Overall, the enormous diversity of optical-fibre sensors has been enlarged with the introduction of new capabilities for sensing. For example, besides using metal coatings or NPs to exploit SPR and SERS effects, they have been combined with other structures (e.g., FBG or tilted FBG) to provide further flexibility and opportunities in the biomedical field. On the other hand, biosensors have strong potential for the diagnosis/identification of biomarkers for cancer, and optical-fibre flow cytometers have been remarkably attempted. Thus, biosensors show a pathway towards achieving a better detection limit for many biochemical parameters and targets. However, just a few examples can be found for in vivo applications. Hence, a higher number of studies and an increase in the statistics are needed to test these sensors.
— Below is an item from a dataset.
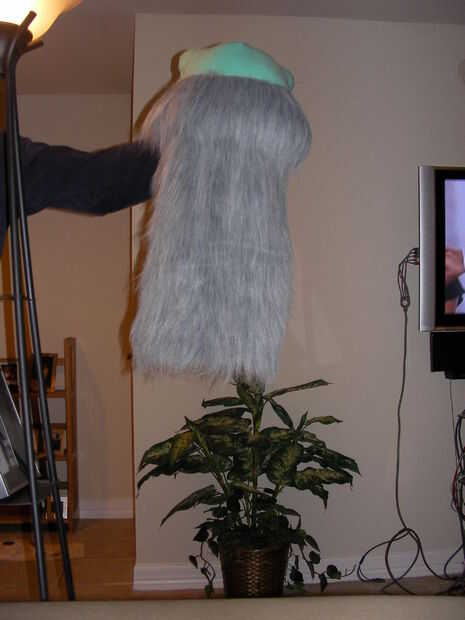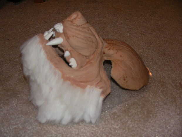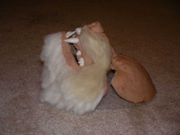 En un principio iba a dejarlo como está y simplemente pintura gris para que coincida con la piel, pero mi esposa pensó parecía demasiado miedo para ser el lobo feroz y no se verían bien con el resto del traje. Aprobó y decidió así la máscara de la piel.

In general, multiparameter-sensing platforms are pursued, including lab-on-fibre devices. In this regard, several multiparameter optical-fibre sensors have been demonstrated with potential for biomedical applications. Moreover, a couple of recent examples towards lab-on-fibre devices have been reported. It is a promising approach since it could allow a better understanding of biophysical processes by simultaneously measuring several parameters in real time. Upon these demonstrations, it can be expected that multiparameter sensing in a single fibre, and the implementation of multiple sensors and multiplexing techniques into a single device, could potentially reduce the cost of the systems.